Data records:
========================

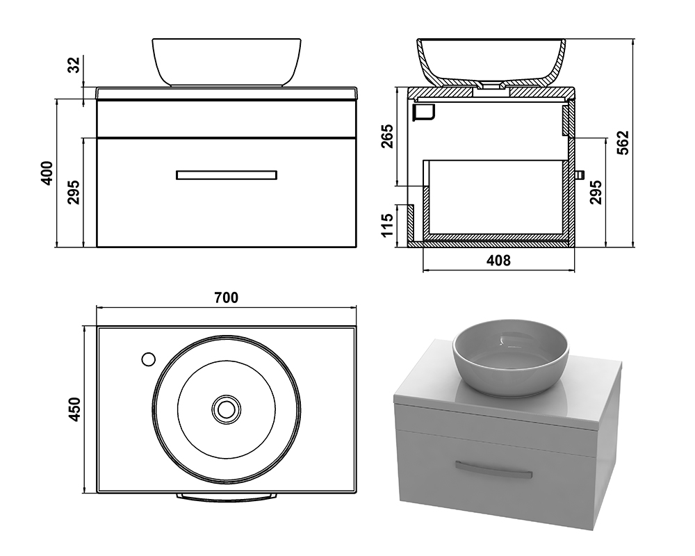 Корпус мебели покрыт тремя слоями грунтовки и окрашен четырьмя слоями влагостойкой краски. Поэтому наша мебель подходит и для сверх влажной среды, она устойчива к переменам влажности и к изменению температурных режимов.
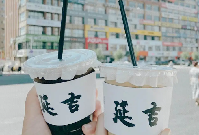 拍照者举着写有“延吉”字样的咖啡,背景是一栋挂满招牌的大楼。
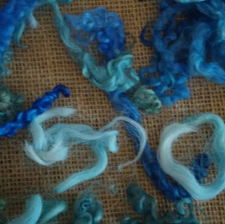 Our mix contains hand processed and hand dyed teeswater, whitewater, wensleydale and Devon/Cornwall longwool, masham, grey faced dartmoor and white faced dartmoor sheep
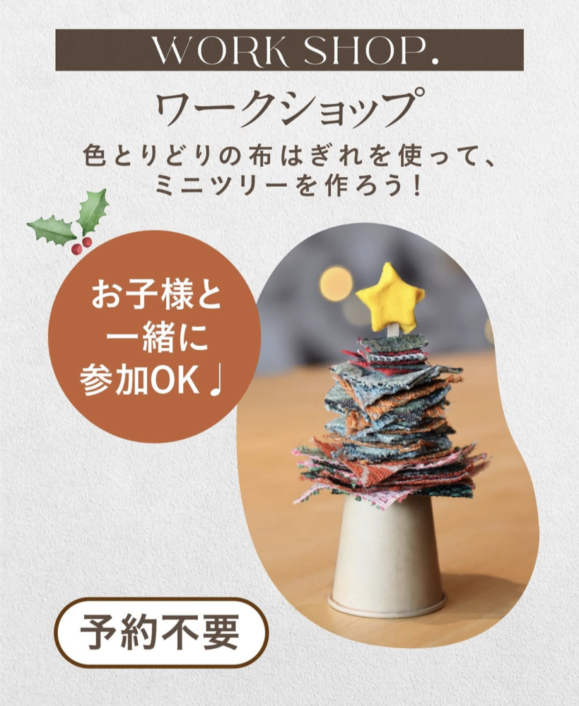 いろとりどりの生地を使ってミニツリーをつくろう!お子様もできるワークショップです。親子で楽しく作りませんか。
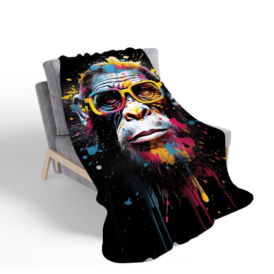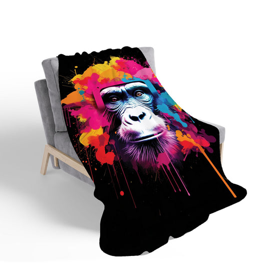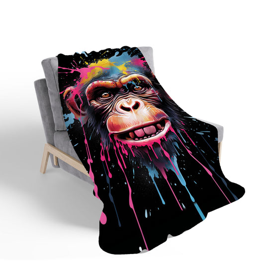 Coloured Splashart Monkey Face Sherpa Blanket
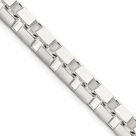Specifications: Material: Primary - Purity:925|Finish:Polished|Length of Item:22 in|Chain Length:22 in|Chain Type:Box|Chain Width:7 mm|Clasp /Connector:Lobster|Coating:Anti-tarnish|Feature:Solid|Manufacturing Process:Machine Made|Material: Primary:Sterling Silver|Width of Item:7 mm|Product Type:Jewelry|Jewelry Type:Necklaces|Sold By Unit:Each|Necklace Type:Chain Styles|Gender:Unisex|Material: Primary - Color:White
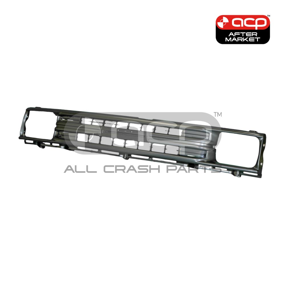 Silver grille suits Toyota Hilux. Fits Hilux LN85R, Hilux LN86R, Hilux RN85R, Hilux RN90R, and Hilux YN85R, 2WD, built from 8/1988 to 8/1991. This grille is a quality aftermarket part.

========================

- **TASK INSTRUCTIONS**
Would you transcribe, exactly and only, the lines from the one that contains "Specifications: Material: Primary" through the last line of the data above, without any pictures?

- **YOUR SOLUTION**
Specifications: Material: Primary - Purity:925|Finish:Polished|Length of Item:22 in|Chain Length:22 in|Chain Type:Box|Chain Width:7 mm|Clasp /Connector:Lobster|Coating:Anti-tarnish|Feature:Solid|Manufacturing Process:Machine Made|Material: Primary:Sterling Silver|Width of Item:7 mm|Product Type:Jewelry|Jewelry Type:Necklaces|Sold By Unit:Each|Necklace Type:Chain Styles|Gender:Unisex|Material: Primary - Color:White
 Silver grille suits Toyota Hilux. Fits Hilux LN85R, Hilux LN86R, Hilux RN85R, Hilux RN90R, and Hilux YN85R, 2WD, built from 8/1988 to 8/1991. This grille is a quality aftermarket part.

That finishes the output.